25 października 2010, o godzinie 22:19
„Jest lepsze pytanie, czy pilotowi chce się lecieć?” Czyżby Genialny już nie chciał chwytac za drążek??
25 października 2010, o godzinie 22:45
Szczerze przyznam, panie Waldemarze, że ilekroć zaczynam wątpić w sens głosowania na PiS czytam pański artykuł lub odwiedzam pana blog i.. błyskawicznie mi przechodzi.
Dziękuję.
Dołączam się tym samym do (niestety) coraz mniej licznej grupy 'ostatnich’ nucąc: „Les bleus sont là”.
25 października 2010, o godzinie 22:53
Fr. no widzi Pan jaki dobry uczynek robię. Niech Pan się umocni w swoich przekonaniach na rzecz PiS i przeczyta mój artykuł w „Rzepie”. Powodzenia.
26 października 2010, o godzinie 00:01
Wiesiek,
Pawel juz ci odpowiedzial, a ja tylko dodam – zwykle nieszczesliwe dziecko, prawdopodobnie z zaburzeniami osobowosci a nauczycielka rzeczywiscie idiotka.
Wiesz, kiedys mialam podobnego ucznia, rownie krnabrnego i nieposlusznego – dzis jest senatorem RP.
Nie poddawaj sie schematom, Wiesiek, nie daj soba rzadzic. ;)
28 października 2010, o godzinie 16:20
„Kto odbiera krowom mleko i dlaczego właśnie Jarosław Kaczyński?”

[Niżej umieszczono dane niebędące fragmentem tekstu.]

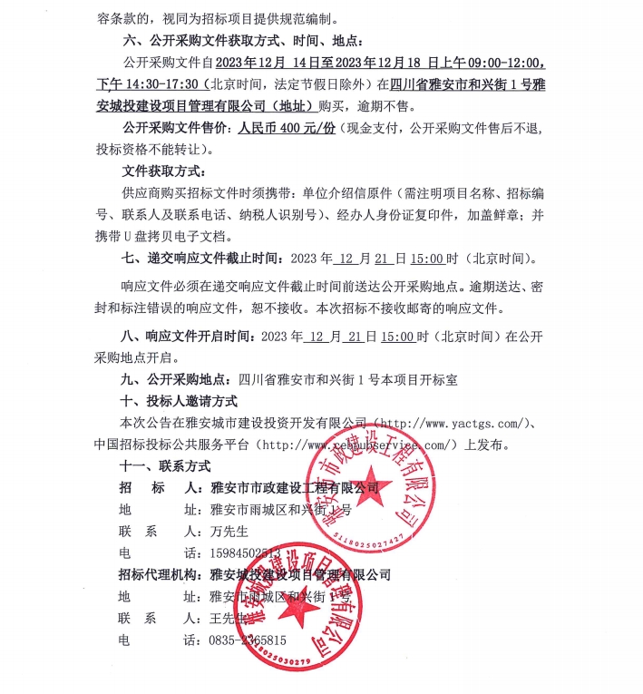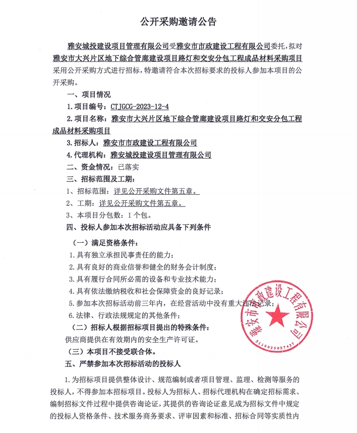 雅安市大興片區(qū)地下綜合管廊建設(shè)項(xiàng)目路燈和交安分包工程成品材料采購項(xiàng)目公開采購邀請(qǐng)公告

30 października 2010, o godzinie 12:22
Wszedłem tu, bo jestem pod wrażeniem Pańskiego krótkiego tekstu z piątku (nie wiem, czy był on w Gaz. Wyb. czy w Rzepie, bo obie gazety czytałem w kawiarni). Tak celnie i bez ogródek, dlaczego Kaczynscy nie zasługują na uwagę i szacunek, nie napisał dawno nikt.
A Zaremba żałosny – jak zwykle – rozgadany, rozwlekły, panikarski i nadęty jak najwięksi nudziarze od Michnika (tyle ze a rebours). To on wymyślił określenie „przemysł nienawiści”. Mhm…. sam zaś jest filarem „przemysłu wazeliniarstwa”. To tacy jak on i Karnowski (ten gazetowy) rozłożyli dobrą ideę gazety Dziennika, wpędzając ją do grobu łopatą nudy (a Jan Rokita przyklepał grób swoją felietonową szuflą).
Pozdrawiam i pozostaję z szacunkiem.